_Problem to work on_
Set the pictures aside and set down only the lines from the line holding "Lot of two ICCS" through the end of the entries below, ends included.

BEGIN

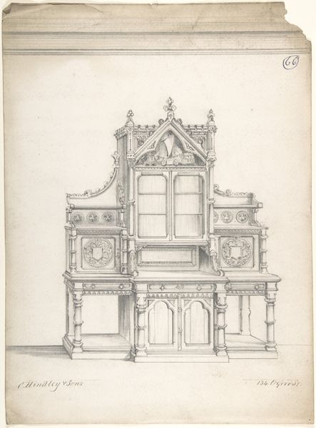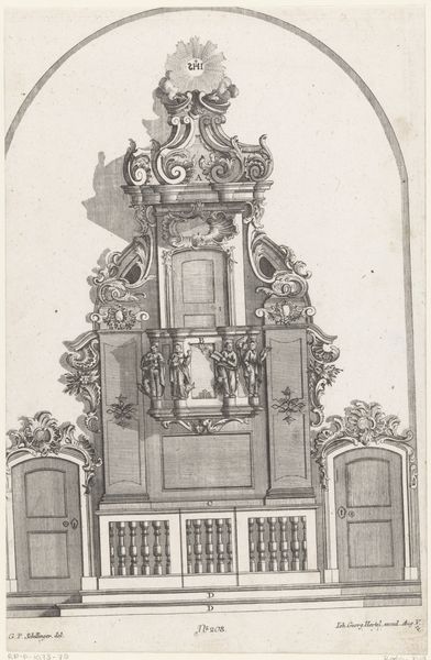 Editor: This is "Voorgevel van het Edams Museum," a cityscape created in 1896 by Wijnand Otto Jan Nieuwenkamp, using ink, pencil, etching, and other printmaking techniques. There's a remarkable stillness to it; it feels like looking at a ghost of a building. What catches your eye when you examine this piece? Curator: What resonates with me is how Nieuwenkamp captures the 'front' or facade, emphasizing the building's 'face'. Architecture, much like portraiture, reflects identity and status. How do the symbols embedded in this facade tell the story of the building and perhaps its inhabitants? Consider the symmetry, the height, and decorative details. Editor: It seems really meticulously rendered. The level of detail on each level draws me upward, trying to unpack the symbolism you mentioned. Is it typical for buildings from that time to be so ornate? Curator: Precisely! Ornate facades often signaled wealth and civic pride. Look closely at the sculpted figures at the top – do they evoke any particular emotions or associations? The etching medium itself is interesting; how does it contribute to the image’s narrative? Does the black and white color enhance that mood you first noted? Editor: They give a sense of stoicism, like silent witnesses of time. And, you're right, the medium makes it feel very austere and enduring. So much history is embedded here. Curator: Indeed. And etching allows for incredible detail, creating depth and texture, which accentuates the building’s tangible history. It makes me wonder, what stories these walls could tell. What’s the feeling of the thresholds this artwork invokes? Editor: I hadn't considered that—thresholds, indeed. It's been great learning to read a building's face like a portrait. Thanks for opening up that perspective! Curator: My pleasure. Seeing art as a text full of symbols unlocks a richer appreciation of cultural memory.
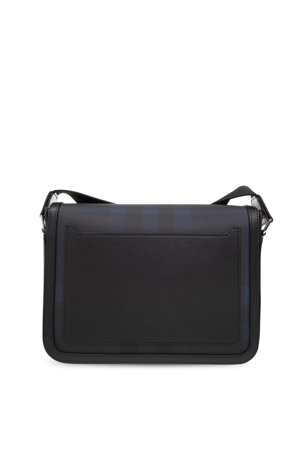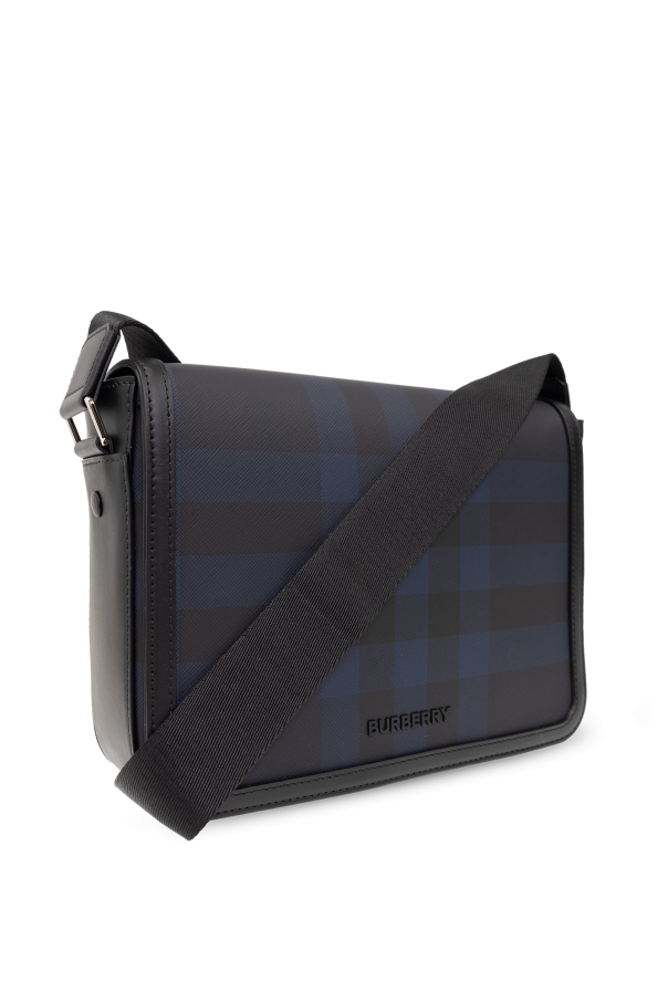 Black and navy blue ‘Alfred Small’ shoulder bag from Burberry. Made from coated canvas with a check pattern, this design secures with a magnetic fastener and features a logo plaque on the front, leather trims, one back slip pocket, one adjustable shoulder strap, silver-tone metal hardware and one internal compartment with a slip pocket.
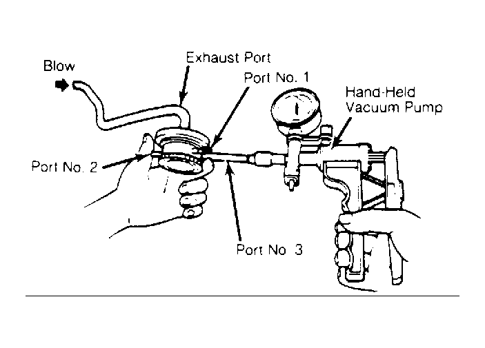 2. With a hand-held vacuum pump, apply 7 in. Hg to port No. 3 of modulator. Vacuum should hold. Release pressure from exhaust fitting hose to open diaphragm bleed. Vacuum on gauge should drop. If valve does not perform as stated, replace modulator valve.
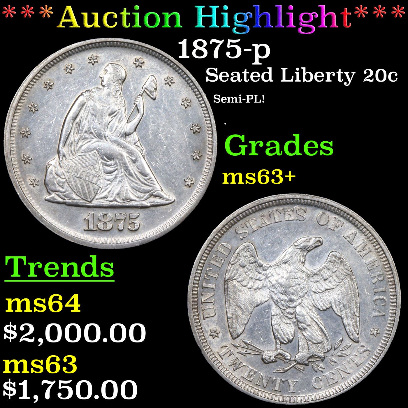 ***Auction Highlight*** 1875-p Twenty Cent Piece 20c Graded Select+ Unc BY USCG.
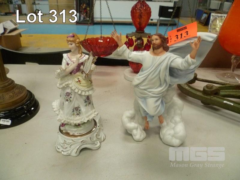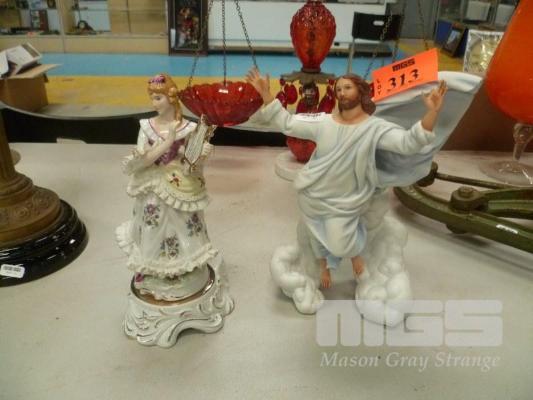 PAIR DECORATIVE FIGURES INC JESUS & LADY PLAYING VIOLIN
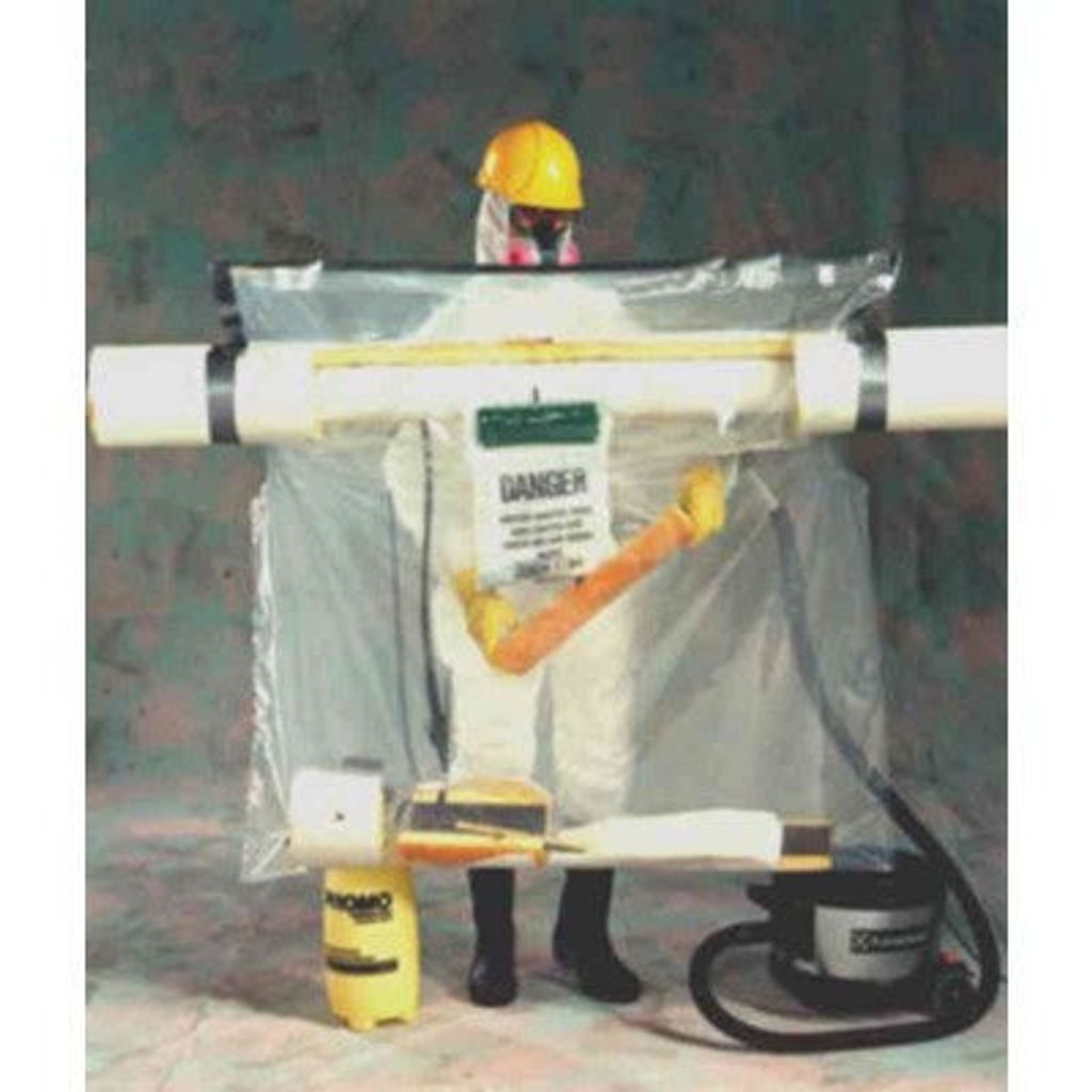 Glove bags för säker sanering av asbest. Försedda med insvetsade handskar och dubbelhäftande upphängningstejp.
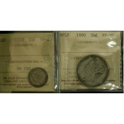 Lot of two ICCS NFLD coins, 1872H 10¢ VF-20 AND 1880 50¢ VF-20
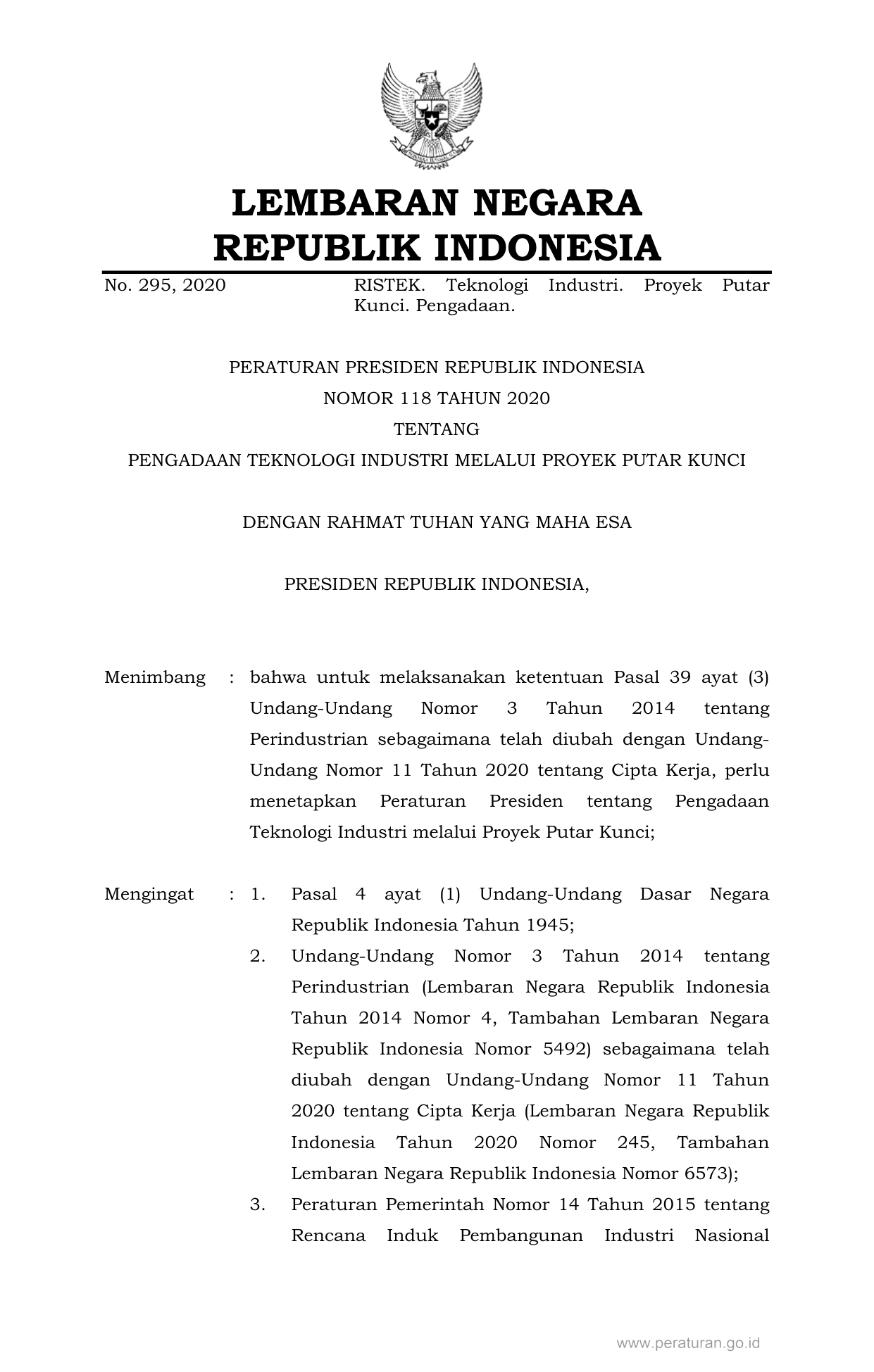 PERPRES Nomor 118 Tahun 2020 | Peraturan Presiden Nomor 118 Tahun 2020 tentang PENGADAAN TEKNOLOGI INDUSTRI MELALUI PROYEK PUTAR KUNCI
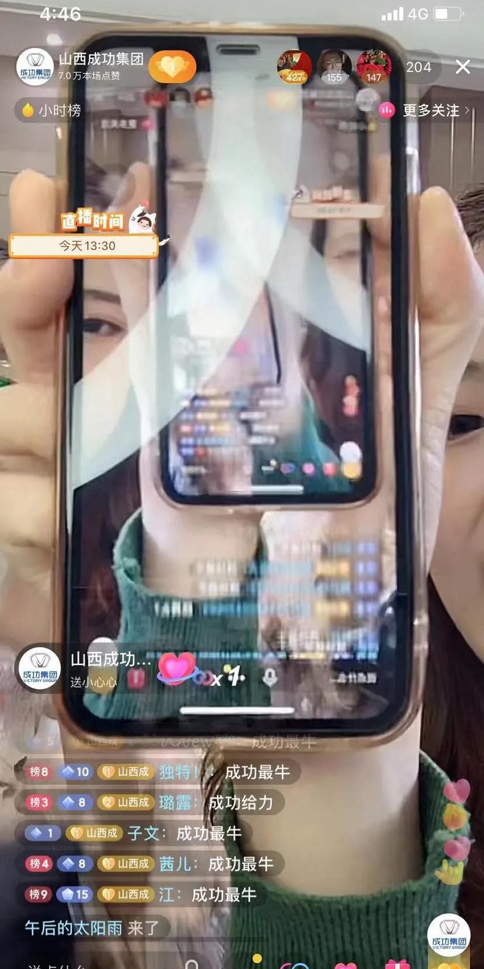 作为提升品牌知名度,打造成功新亮点,宣传成功汽车新车型预热活动,成功汽车也开展了直播活动,并准备了水杯、玻璃水、护颈枕等丰富礼品。集团直播过程中与成功汽车展开连线共同宣传增加人气取得良好的效果;成功汽车全天直播从上午8点持续到下午18点,通过直播展示了成功汽车生产流程、产品行驶体验、老车主用车经验、直营店介绍,与海外巴萨连线展示海外风土人情,取得累计观看6700余人、峰值在线370人、收获粉丝1000余人的良好成绩。
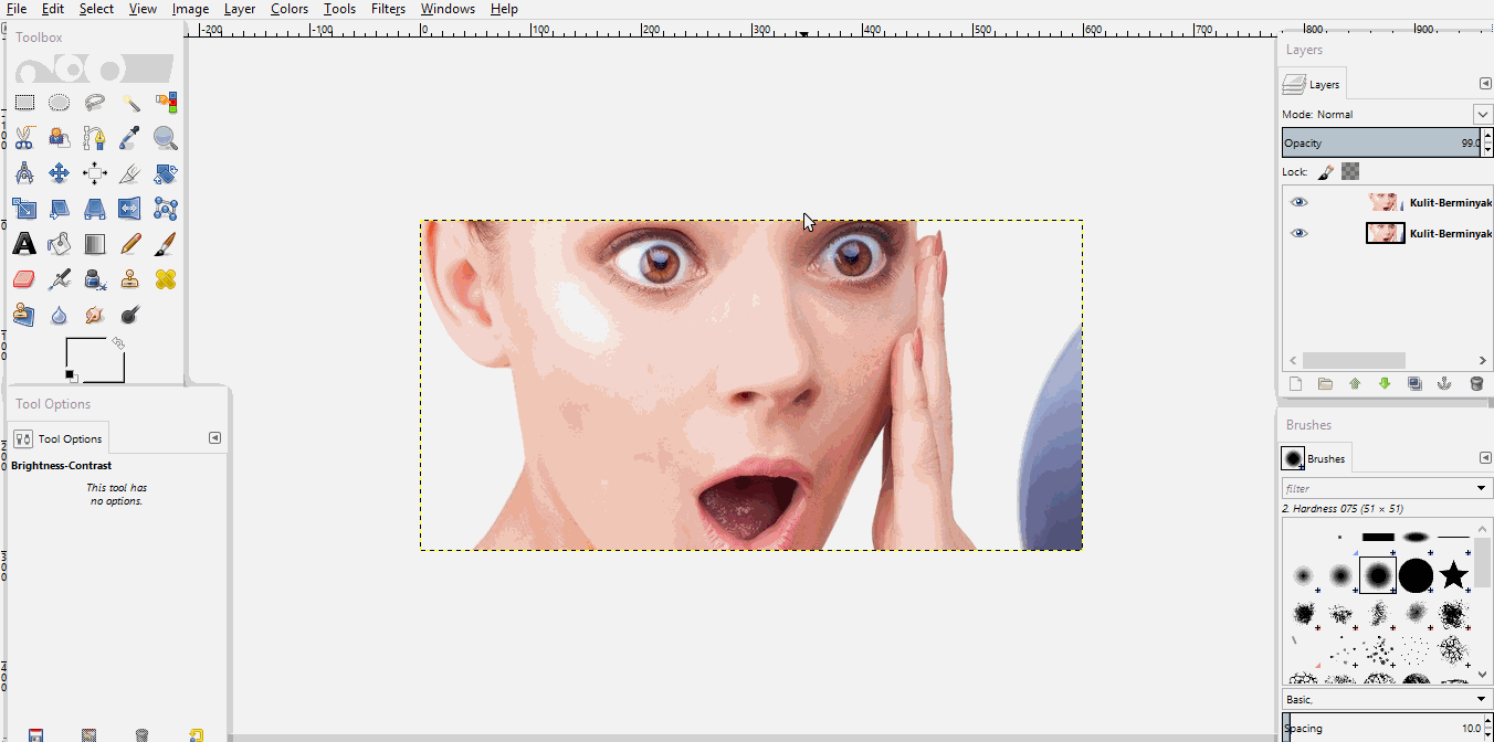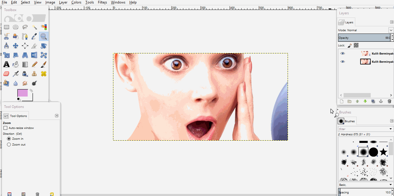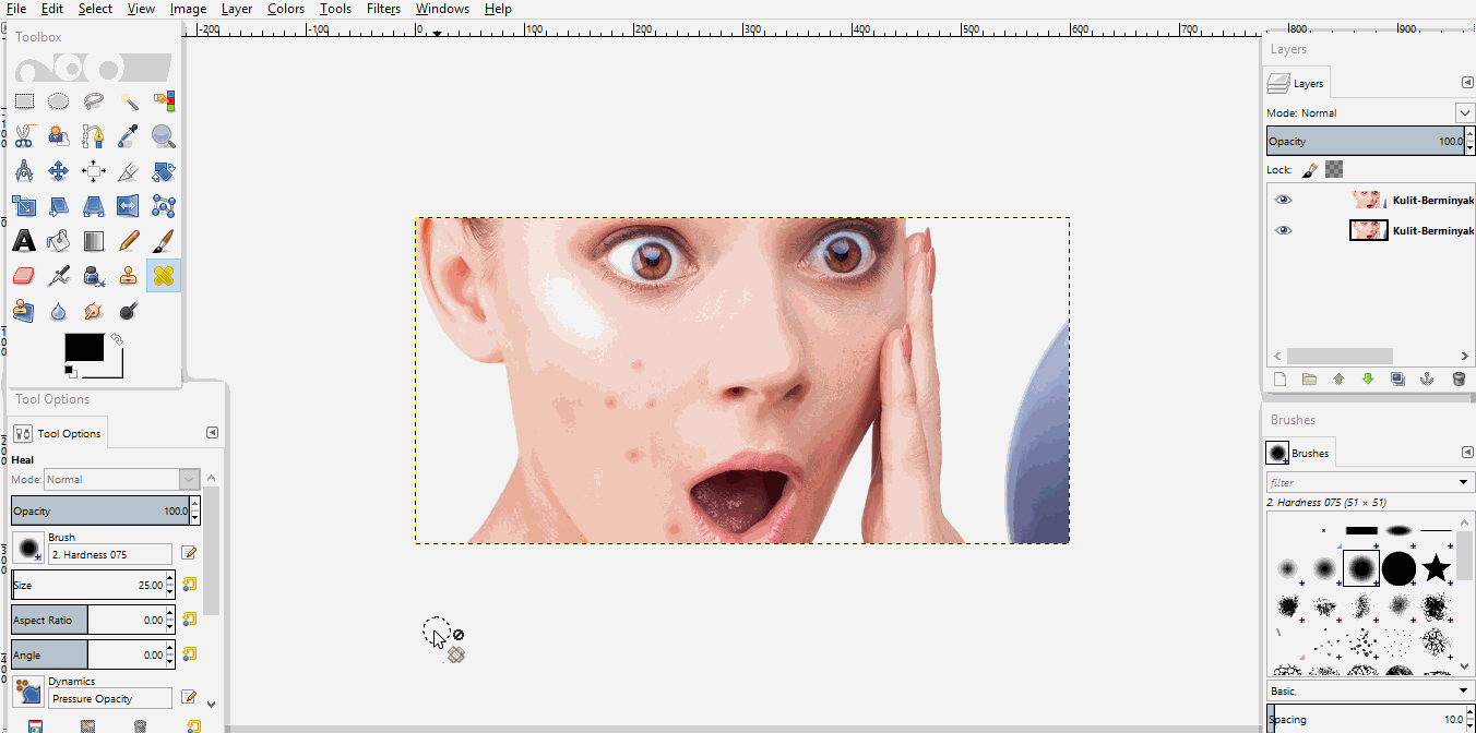 - Duplicate layer > Click Icon Helling Tool in the Toolbox, and then adjust the size for your convenience in the selection, Selection of position may be located in a clean place then click the CTRL on the keyboard of your PC, after that you can click on the position that you want to clear.

END

_Completed exercise_
 Lot of two ICCS NFLD coins, 1872H 10¢ VF-20 AND 1880 50¢ VF-20
 PERPRES Nomor 118 Tahun 2020 | Peraturan Presiden Nomor 118 Tahun 2020 tentang PENGADAAN TEKNOLOGI INDUSTRI MELALUI PROYEK PUTAR KUNCI
 作为提升品牌知名度,打造成功新亮点,宣传成功汽车新车型预热活动,成功汽车也开展了直播活动,并准备了水杯、玻璃水、护颈枕等丰富礼品。集团直播过程中与成功汽车展开连线共同宣传增加人气取得良好的效果;成功汽车全天直播从上午8点持续到下午18点,通过直播展示了成功汽车生产流程、产品行驶体验、老车主用车经验、直营店介绍,与海外巴萨连线展示海外风土人情,取得累计观看6700余人、峰值在线370人、收获粉丝1000余人的良好成绩。
 - Duplicate layer > Click Icon Helling Tool in the Toolbox, and then adjust the size for your convenience in the selection, Selection of position may be located in a clean place then click the CTRL on the keyboard of your PC, after that you can click on the position that you want to clear.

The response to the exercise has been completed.